Hello Lovelies! How are you today? Thought I'd share a picture of me from a friend's wedding that makes me laugh far too much!
Sexy, no? If that doesn't make you chuckle... I honestly don't know what will.
Today I'm going to continue the Embracing a Healthier Lifestyle series that I started a little while back. If you don't know what I'm talking about, this is the series so far:
EAHL Part One: Catching the Running Bug
EAHL Part Two: Thinking Big, Dreaming Big
Today I want to talk about something that I'm really guilty of doing all the time. It's not a healthy habit, and it's one that I'm trying my hardest to lay to one side in order to live a healthy, happy life.
I'm a chronic comparer.
I compare myself to everyone I meet, see or interact with. I don't even have to think about it, I just do it. Most of the time, I conclude that they are prettier/thinner/cleverer/wiser/cooler/better than me. I convince myself that I'm an utter idiot and that I've got on their nerves before they've even had a chance to know me. I manage to convince myself that if I were that person, my life would be a lot more awesome and a heck of a lot easier.
You know what though? It has got to stop.

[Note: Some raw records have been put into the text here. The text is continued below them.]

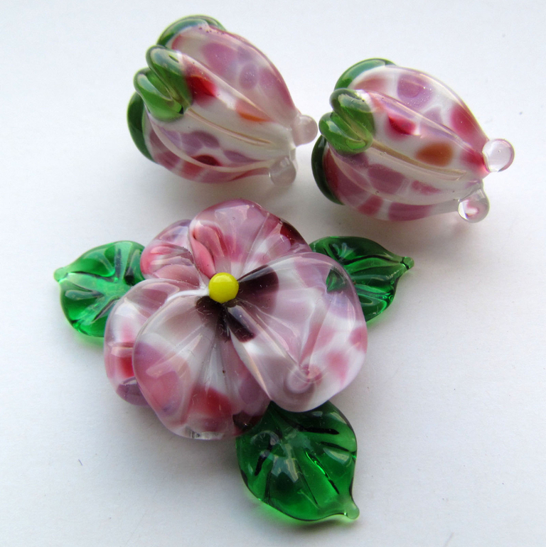 Набор бусин лэмпворк - фиалка и 2 бутона, выполненные из белого, малинового и темно-зеленого стекла
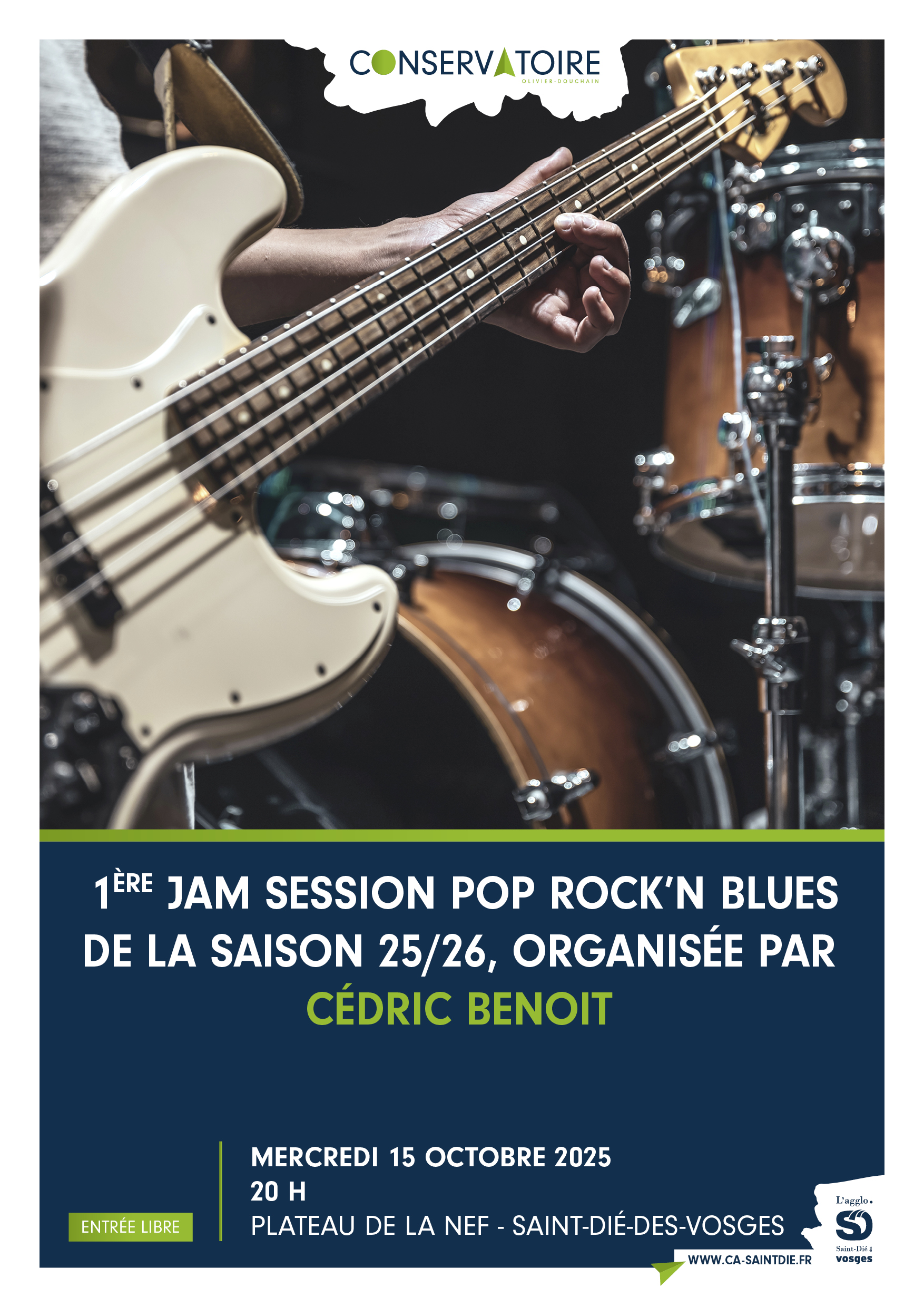 Le conservatoire vous propose la 1ère jam session pop rock’n blues de la saison. Organisée par Cédric Benoit, elle permet aux élèves, amateurs et professionnels de partager la scène. N’hésitez pas à nous rejoindre, mercredi 15 octobre à 20h, plateau de la Nef, entrée libre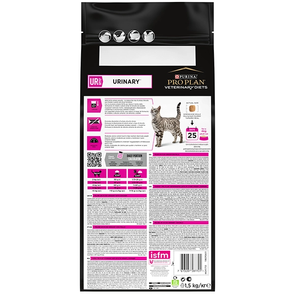 Pre Plan VD Feline UR St/Ox Urinary je kompletné diétne krmivo pre dospelé mačky trpiace na struvitové alebo oxalátové močové kamene. Vhodné aj pre nutričný manažment mačiek s ochorením dolného močového ústrojenstva.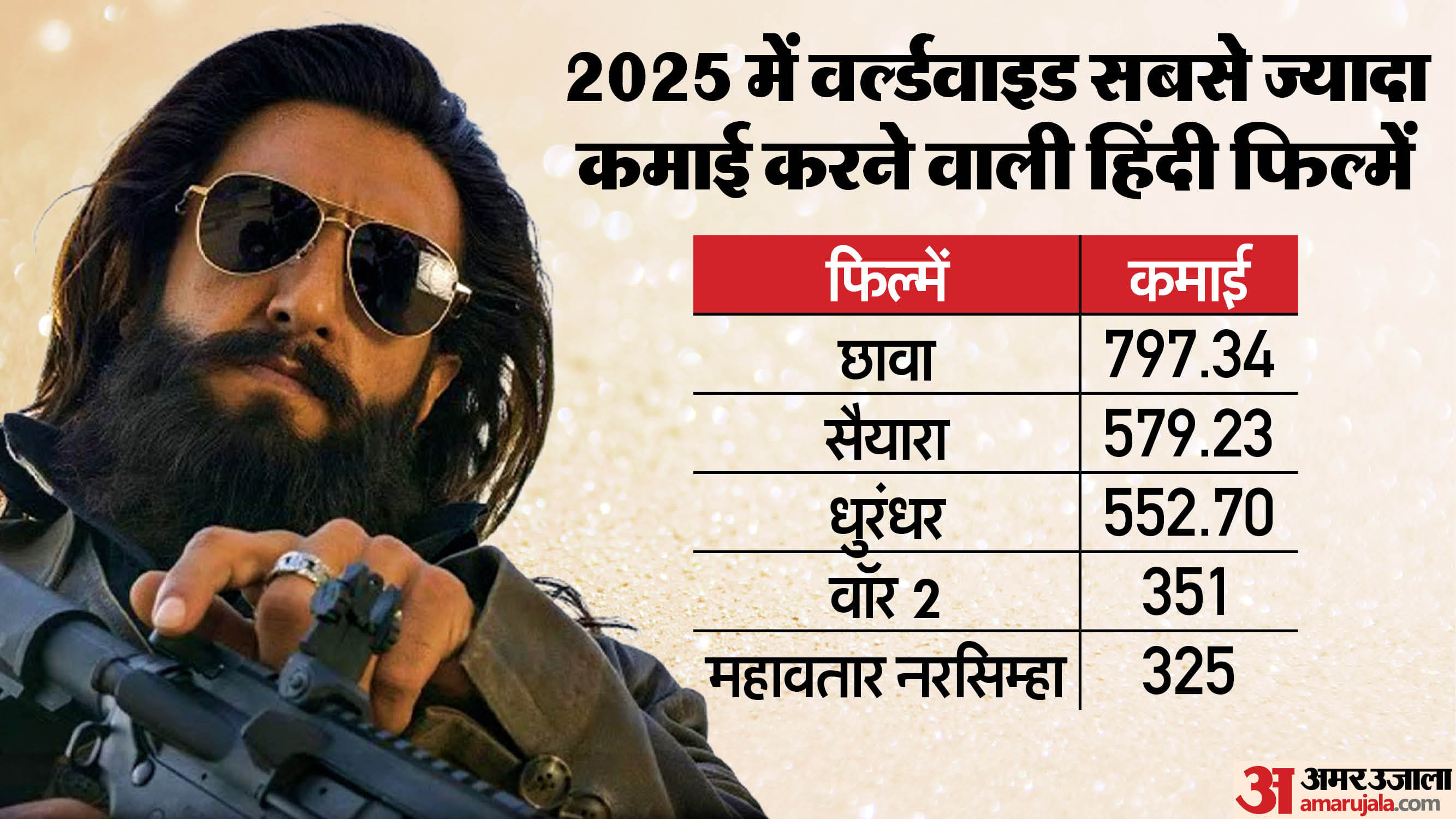 फिल्म के लगातार बढ़ते कलेक्शन की बदौलत ‘धुरंधर’ साल 2025 में सबसे ज्यादा कमाई करने वाली हिंदी फिल्मों की सूची में तीसरे नंबर पर आ गई है। वर्ल्डवाइड कलेक्शन में इस सूची में ‘धुरंधर’ से आगे अब सिर्फ ‘सैयारा’ (579.23 करोड़) और ‘छावा’ (797.34 करोड़) ही हैं। इसके बाद तीसरे नंबर पर ‘धुरंधर’ (552.70 करोड़) ही है।

You see, being a chronic comparer does you no good if your aim is to have a happy, healthy life. In fact, if I'm going to live my life constantly striving to be someone else, I might as well stop now because its never going to happen. I am who I am and that is that. Yes, I can make some changes here and there - a more defined upper body by working that area out a little more, a slightly faster pace by introducing a little speed work but at the end of the day, I am me and that's ok :) In fact it's more than ok - it's awesome!
The other truly awful thing about being a chronic comparer is that it shows zero respect or love to the person you're comparing yourself to. It makes you jealous of them, anxious about talking to them - heck it can even make you forget that this superhuman you're comparing yourself to isn't actually a superhuman at all, just a normal human being with their own share of trouble and strife. Instead of loving, supporting and encouraging them, chronic comparers end up being pretty mean about the people we call our friends. Even if it's only in your own head, that grumpy jealousy isn't nice!
So what am I going to do? I'm going to lay my chronic comparison to bed and I've got a couple of tools to help me do it:
1. When I see something I admire about another person, I will complement them on it
2. If I find myself starting to compare myself or worry about not being that person, I'll remind myself that I am who I am and that's just plain awesome (I might even have to resort to carrying around a picture of myself in that moustache...)
3. If the thing I'm comparing is a reasonable goal, I will try to introduce it into my lifestyle. So for example: I notice that a friend eats waaay more fruit and veg than I do. Instead of getting jealous and beating myself up, I'll head to the shops, buy some fruit and veg and eat it! Makes sense doesn't it?!
Ta-daaaa, easy as one-two-three!
Are you a chronic comparer (or a recovered chronic comparer)?
What steps can you introduce to stop yourself falling into the trap?